EXERCISE REQUIREMENTS
In the listing below, locate the line with "새로운 사이트를 만들" and the line with "为弘扬宪法精神,推进全面依法", then output both and everything between them exactly, minus any pictures.

STORED DATA
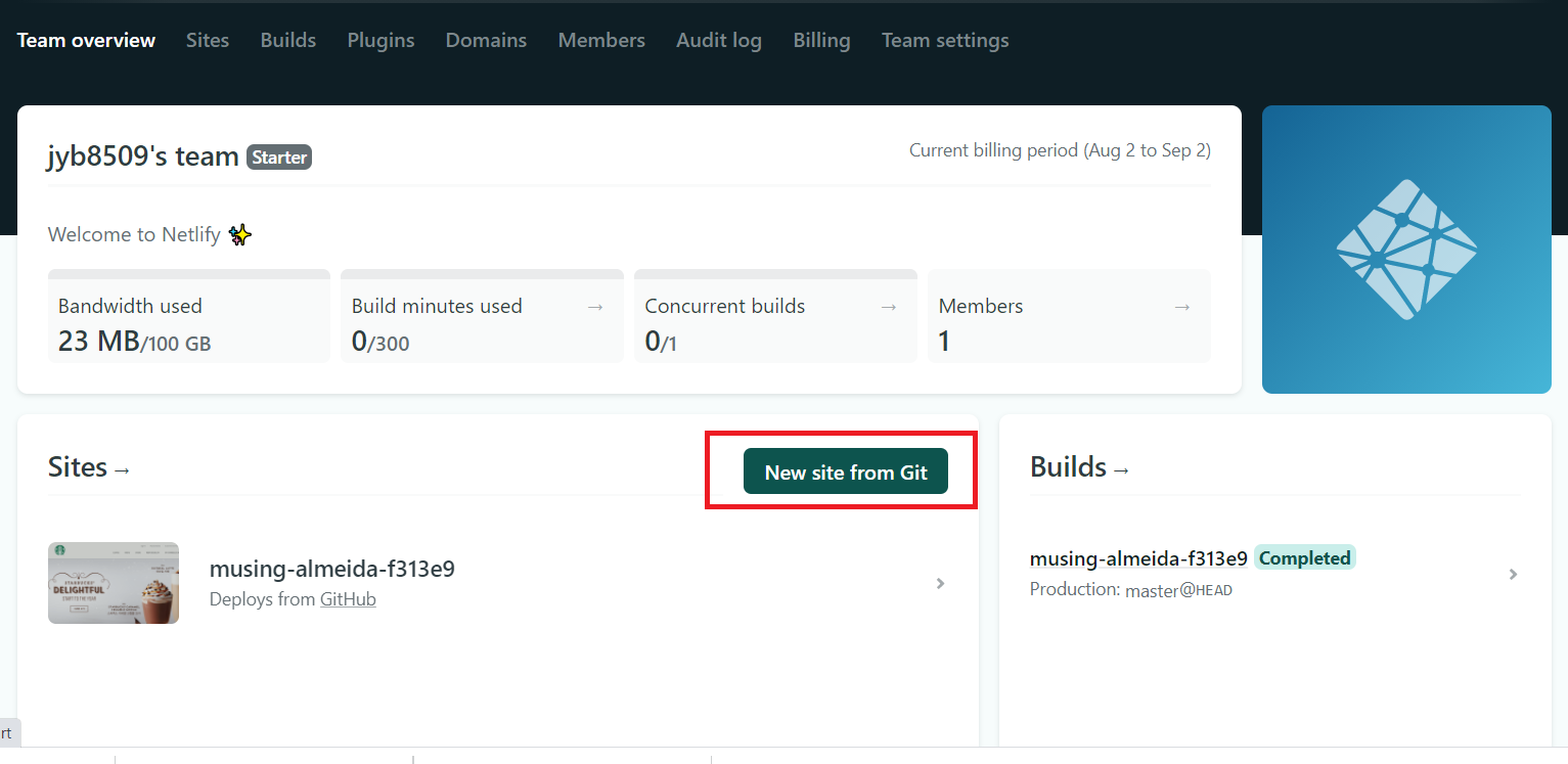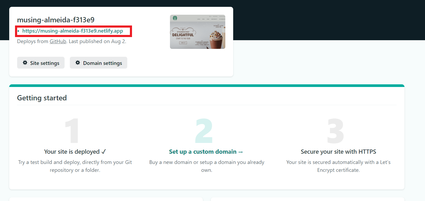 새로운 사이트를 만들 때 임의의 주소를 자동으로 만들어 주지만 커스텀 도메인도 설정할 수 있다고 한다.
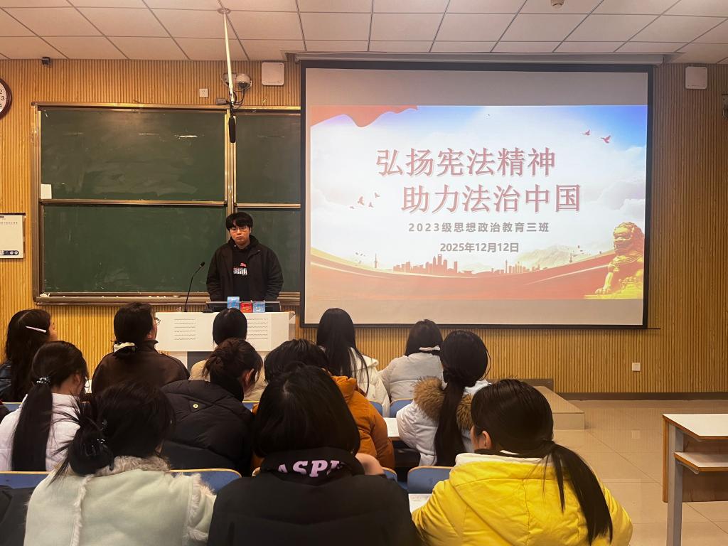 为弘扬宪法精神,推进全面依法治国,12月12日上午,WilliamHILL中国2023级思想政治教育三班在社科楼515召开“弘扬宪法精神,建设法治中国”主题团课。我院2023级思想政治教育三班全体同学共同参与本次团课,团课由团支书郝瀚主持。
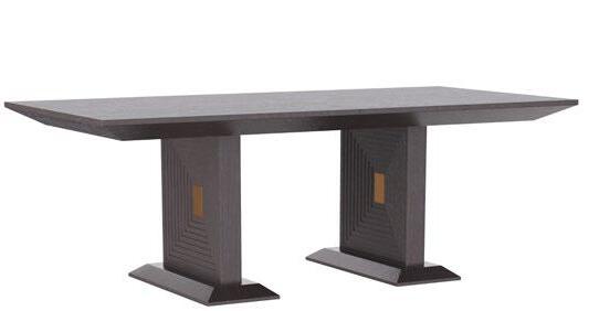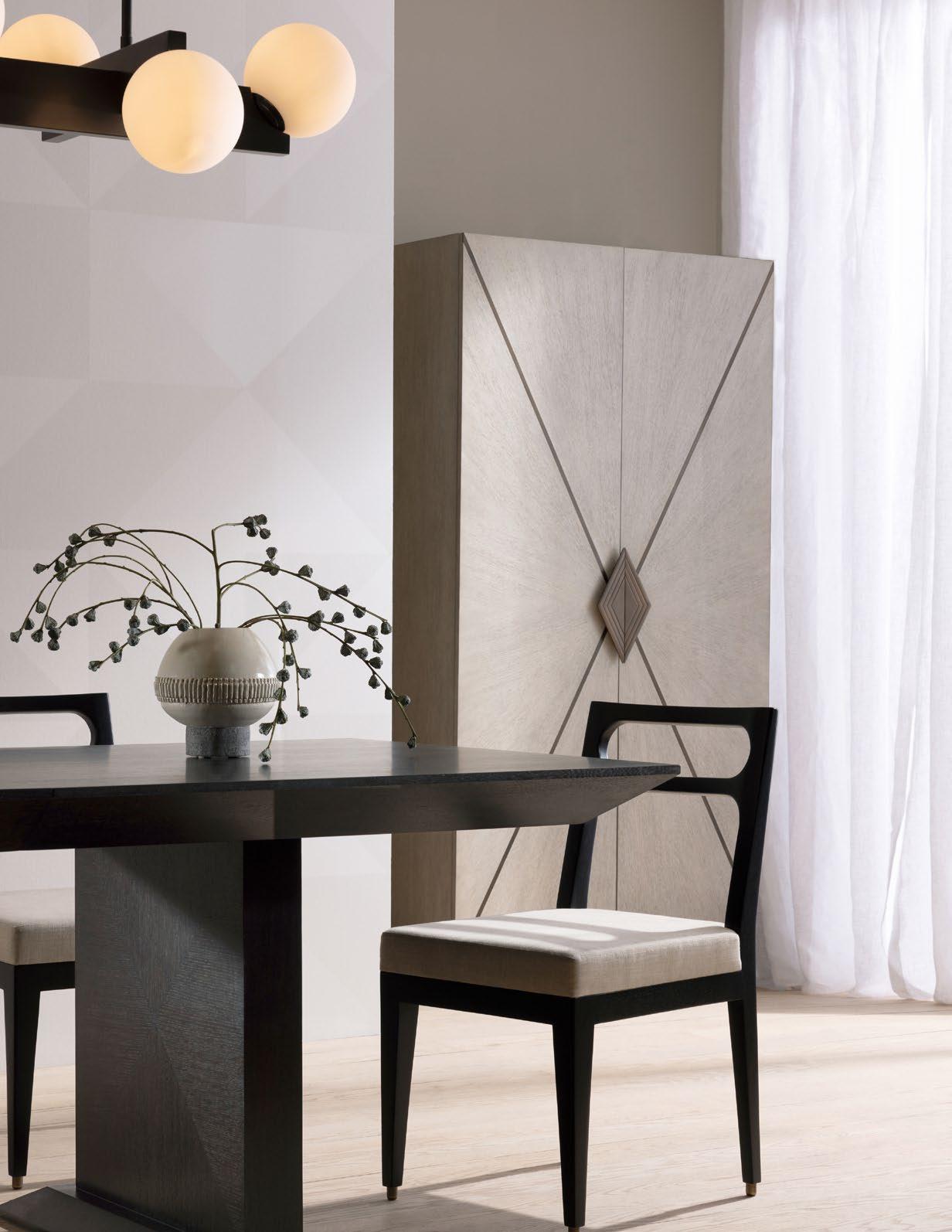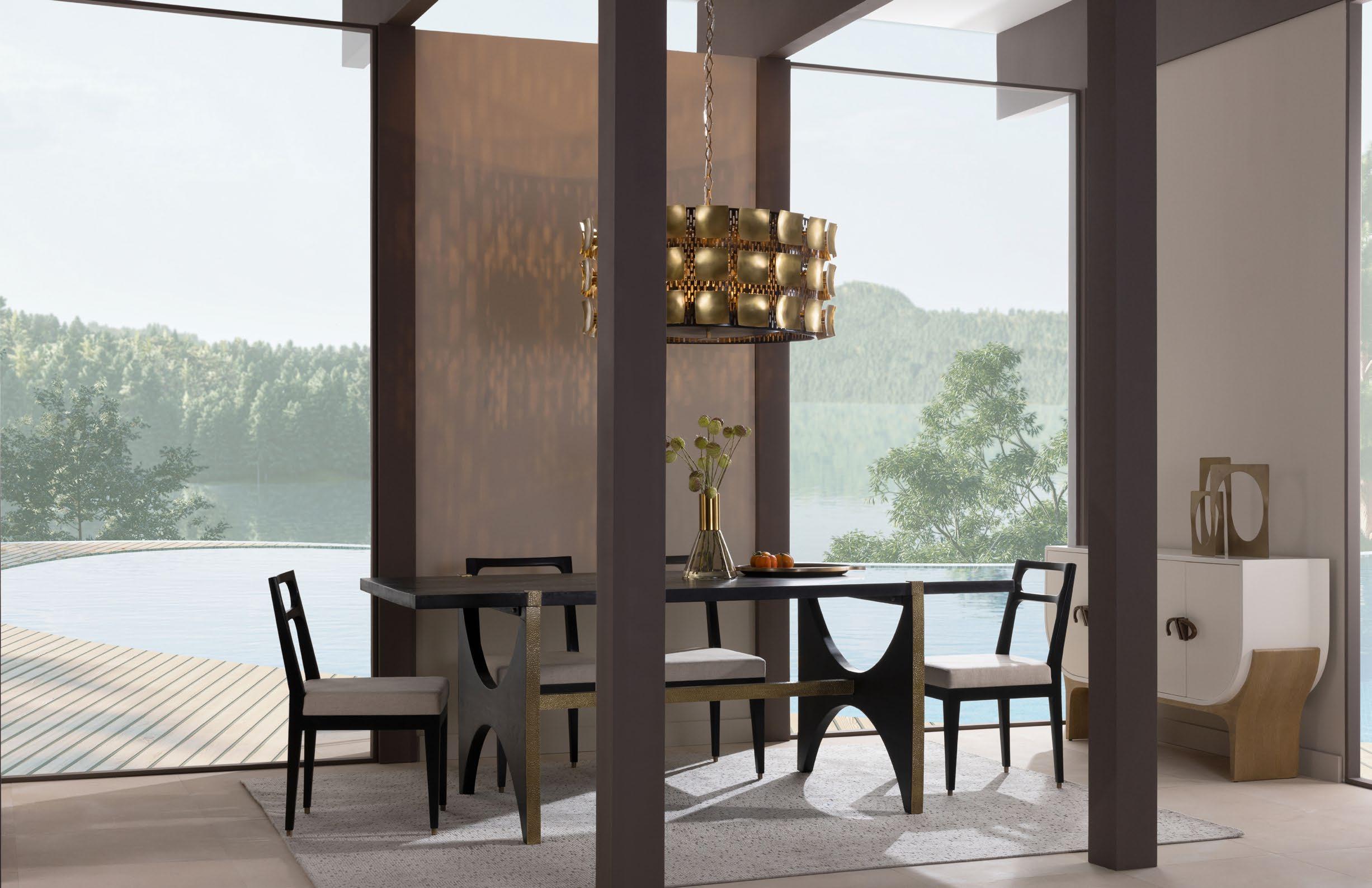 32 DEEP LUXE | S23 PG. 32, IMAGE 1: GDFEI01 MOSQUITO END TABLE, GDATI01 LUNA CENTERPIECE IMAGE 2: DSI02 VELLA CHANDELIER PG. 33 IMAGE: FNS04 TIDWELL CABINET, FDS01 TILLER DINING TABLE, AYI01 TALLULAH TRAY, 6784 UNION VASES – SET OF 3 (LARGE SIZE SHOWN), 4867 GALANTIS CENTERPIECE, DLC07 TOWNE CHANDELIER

...

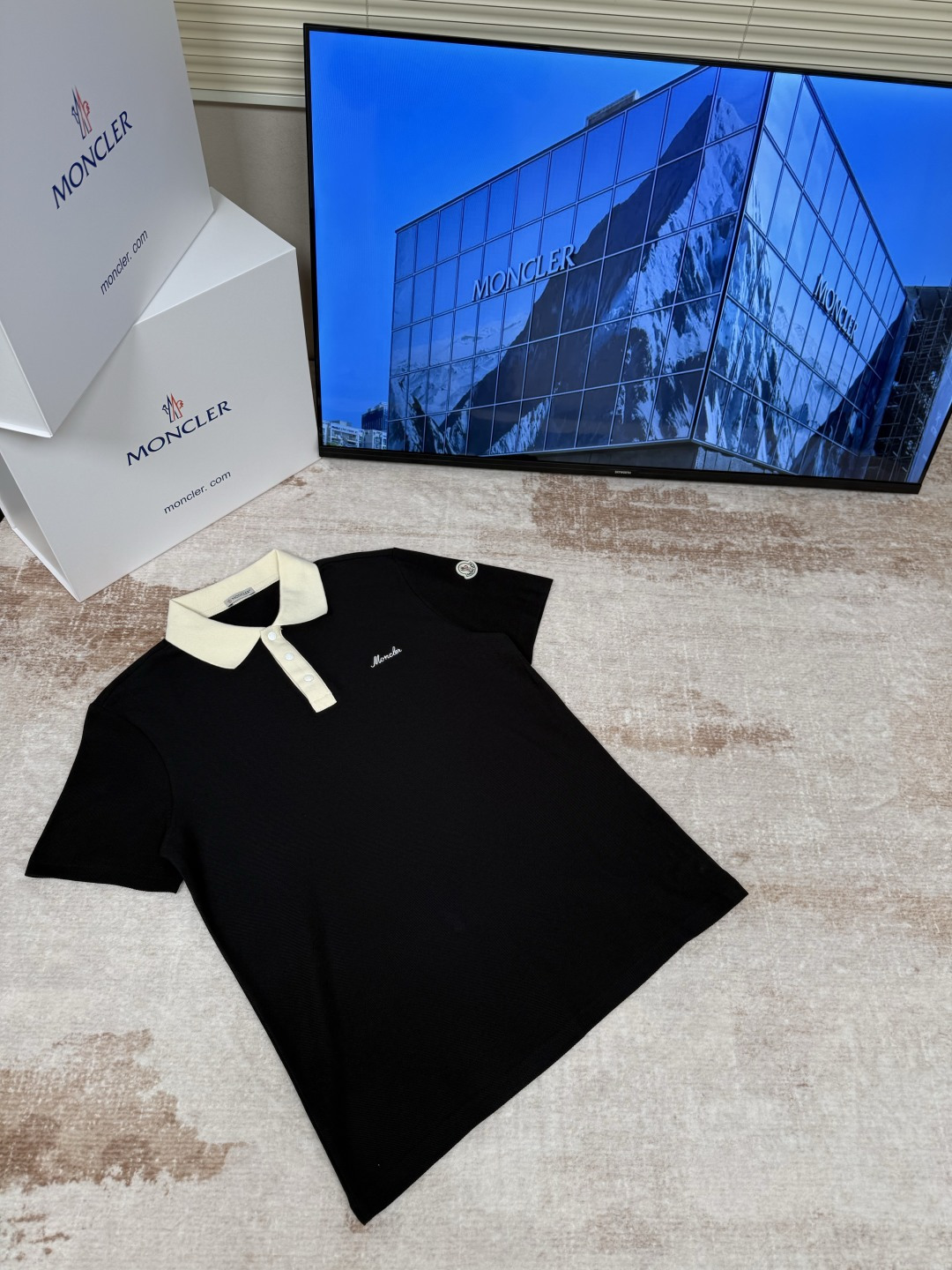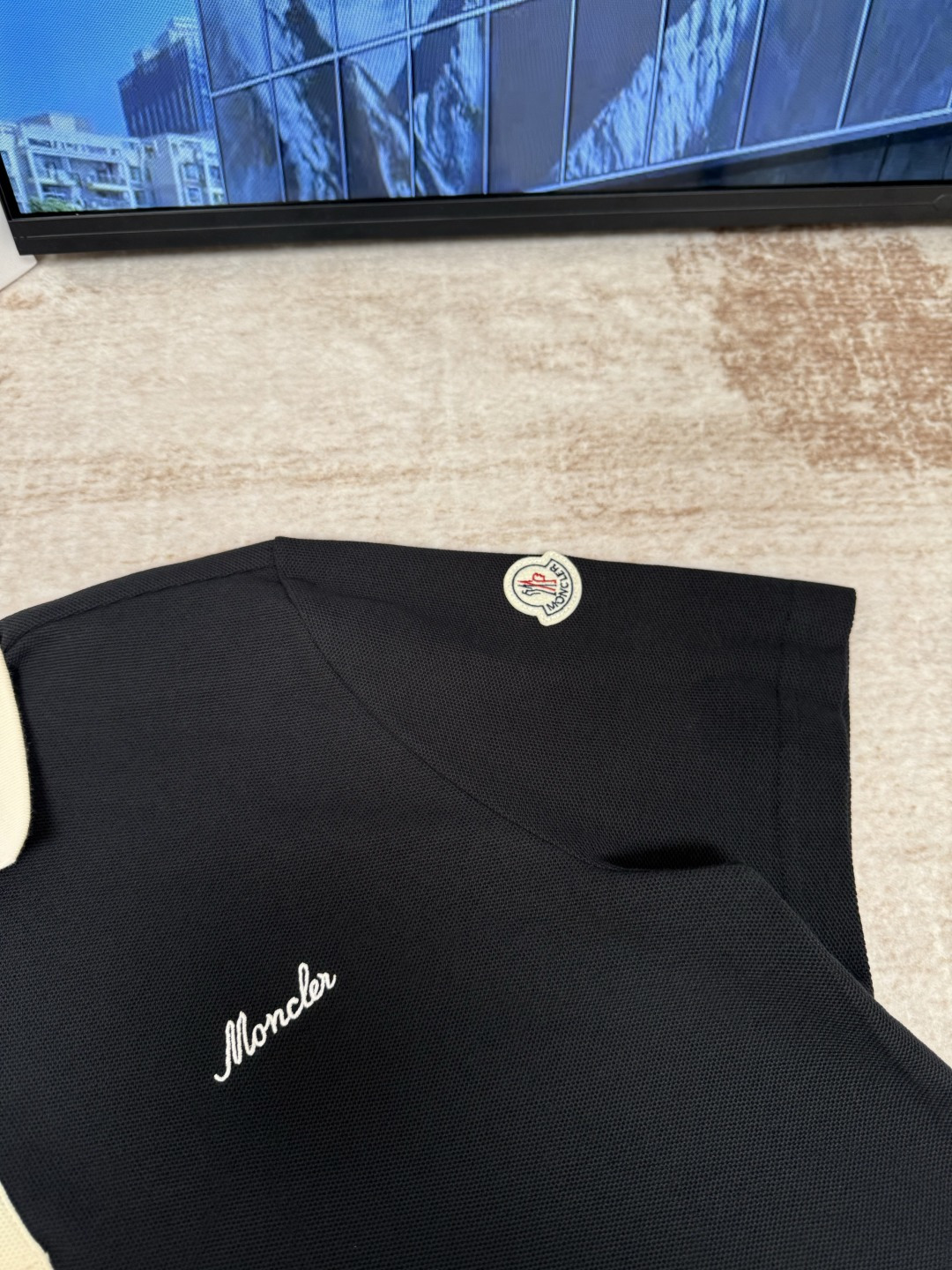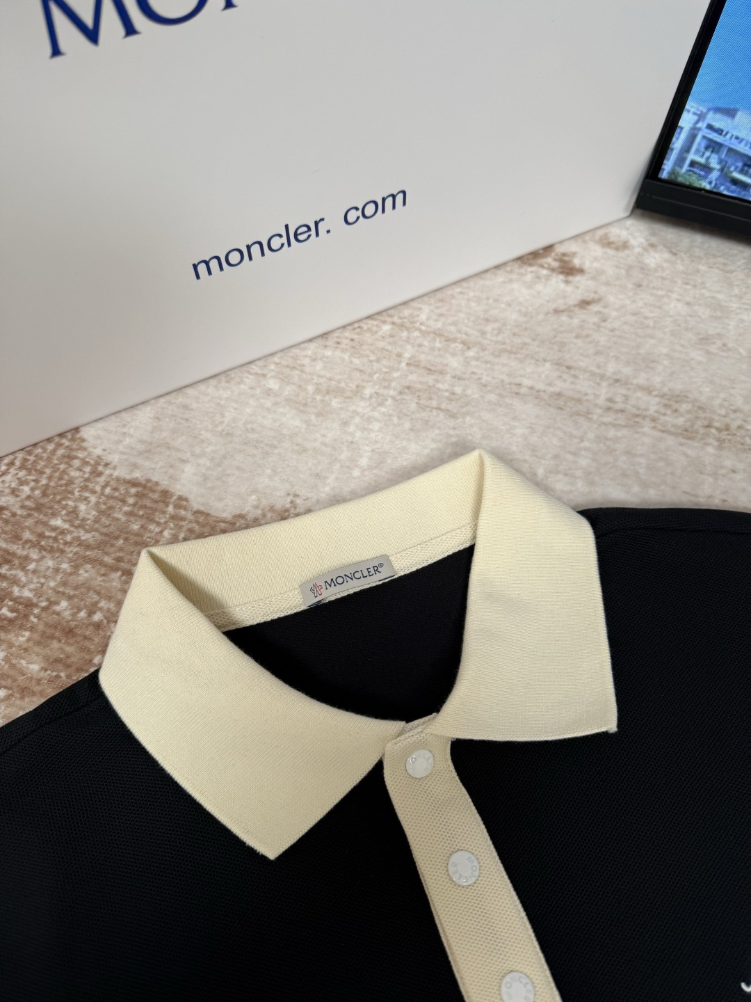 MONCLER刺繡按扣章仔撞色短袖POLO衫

RESPONSE TO THE TASK
 새로운 사이트를 만들 때 임의의 주소를 자동으로 만들어 주지만 커스텀 도메인도 설정할 수 있다고 한다.
 为弘扬宪法精神,推进全面依法治国,12月12日上午,WilliamHILL中国2023级思想政治教育三班在社科楼515召开“弘扬宪法精神,建设法治中国”主题团课。我院2023级思想政治教育三班全体同学共同参与本次团课,团课由团支书郝瀚主持。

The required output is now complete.